● **Dataset section**:
- Opening Delimiter -

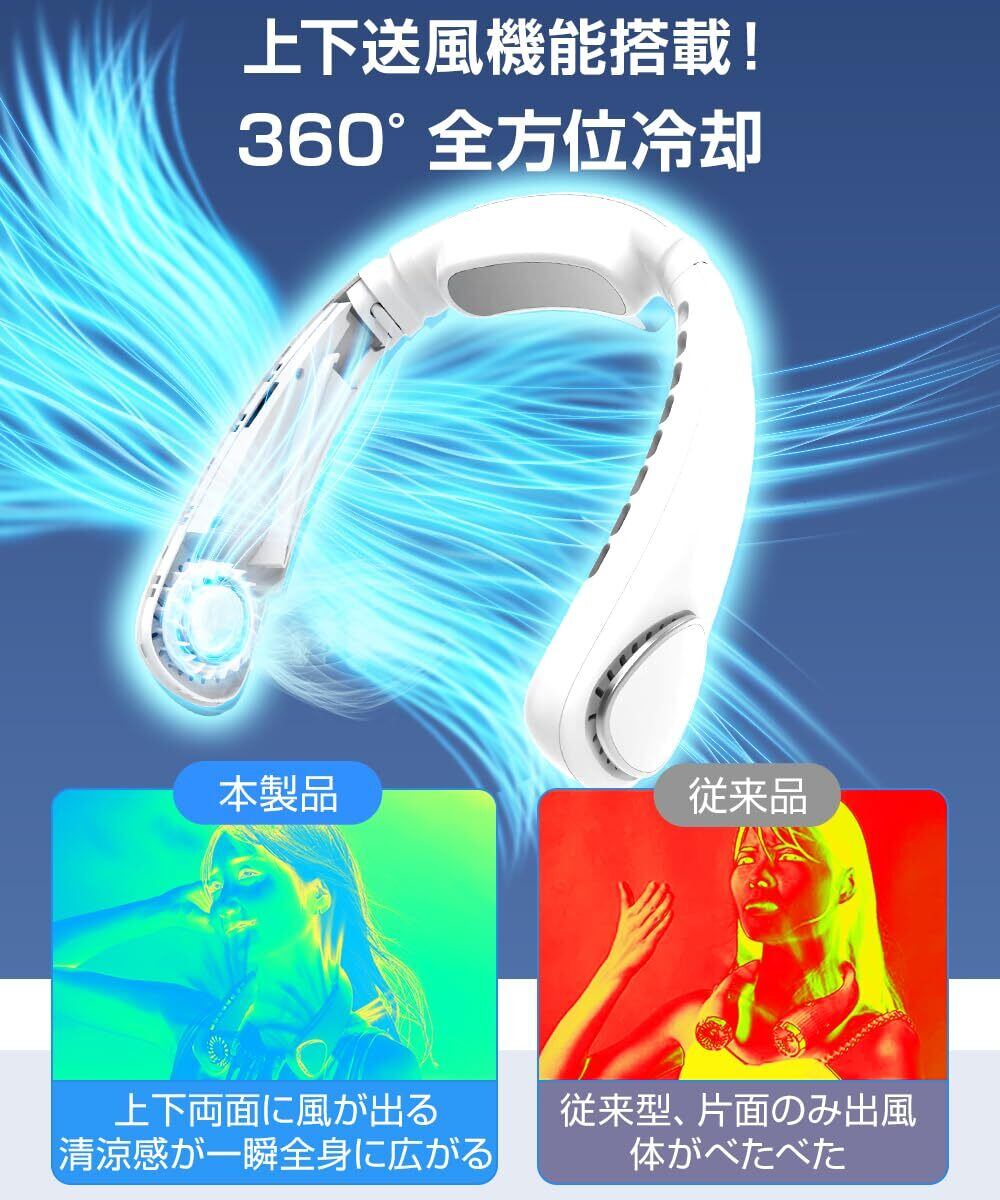 首掛け扇風機 冷却ファン 【2025新型・瞬間冷感・360°上下送風】 軽量 小型 Type-C 急速充電 ネッククーラー 羽なし 静音 3段階風量調節 大容量バッテリー 長時間連続使用 持ち運び便利 扇風機 おしゃれ 携帯扇風機 コンパクト 花火大会/通勤通学/アウトドア/熱中症対策/プレゼント
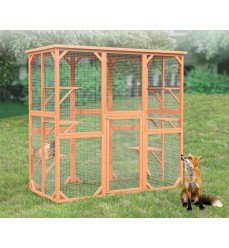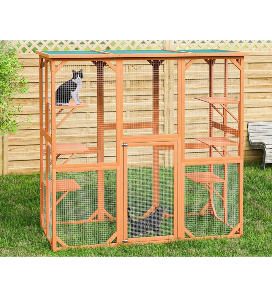 Veľká drevená voliéra pre mačky a hlodavcevyrobená z kvalitného sušeného jedľového dreva. Veľmi priestranná s krásnym dizajnom. Tento výbeh skrášli vašu záhradu aj interiér vášho domu. Ponúka množstvo vyvýšených miest pre vaše zvieratá.
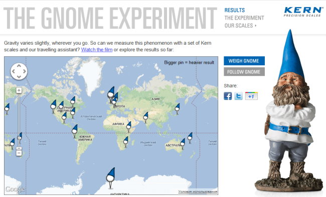 На , посвященном эксперименту, пользователи могли оставить запрос на «взвешивание гнома». Как только они получали чемоданчик, вес фигурки замеряли и отмечали данные на специальной карте.
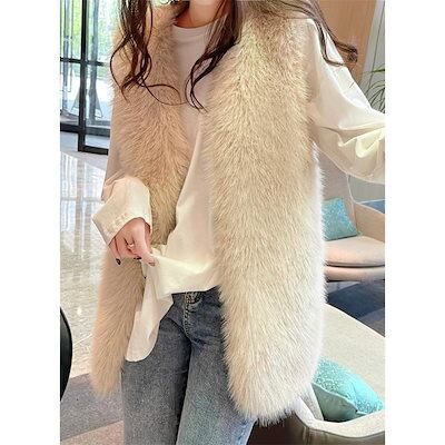 [PassionateRob0ts]数量限定 おまけ付ファー レディース 秋 冬 ロング 防寒ボア 暖かい 毛皮コート フェイクファー ふわふわ 冷え取り 前開き ジレ ギフト

- Closing Delimiter -

Repeat the material above exactly; any picture in it is left out.

 首掛け扇風機 冷却ファン 【2025新型・瞬間冷感・360°上下送風】 軽量 小型 Type-C 急速充電 ネッククーラー 羽なし 静音 3段階風量調節 大容量バッテリー 長時間連続使用 持ち運び便利 扇風機 おしゃれ 携帯扇風機 コンパクト 花火大会/通勤通学/アウトドア/熱中症対策/プレゼント
 Veľká drevená voliéra pre mačky a hlodavcevyrobená z kvalitného sušeného jedľového dreva. Veľmi priestranná s krásnym dizajnom. Tento výbeh skrášli vašu záhradu aj interiér vášho domu. Ponúka množstvo vyvýšených miest pre vaše zvieratá.
 На , посвященном эксперименту, пользователи могли оставить запрос на «взвешивание гнома». Как только они получали чемоданчик, вес фигурки замеряли и отмечали данные на специальной карте.
 [PassionateRob0ts]数量限定 おまけ付ファー レディース 秋 冬 ロング 防寒ボア 暖かい 毛皮コート フェイクファー ふわふわ 冷え取り 前開き ジレ ギフト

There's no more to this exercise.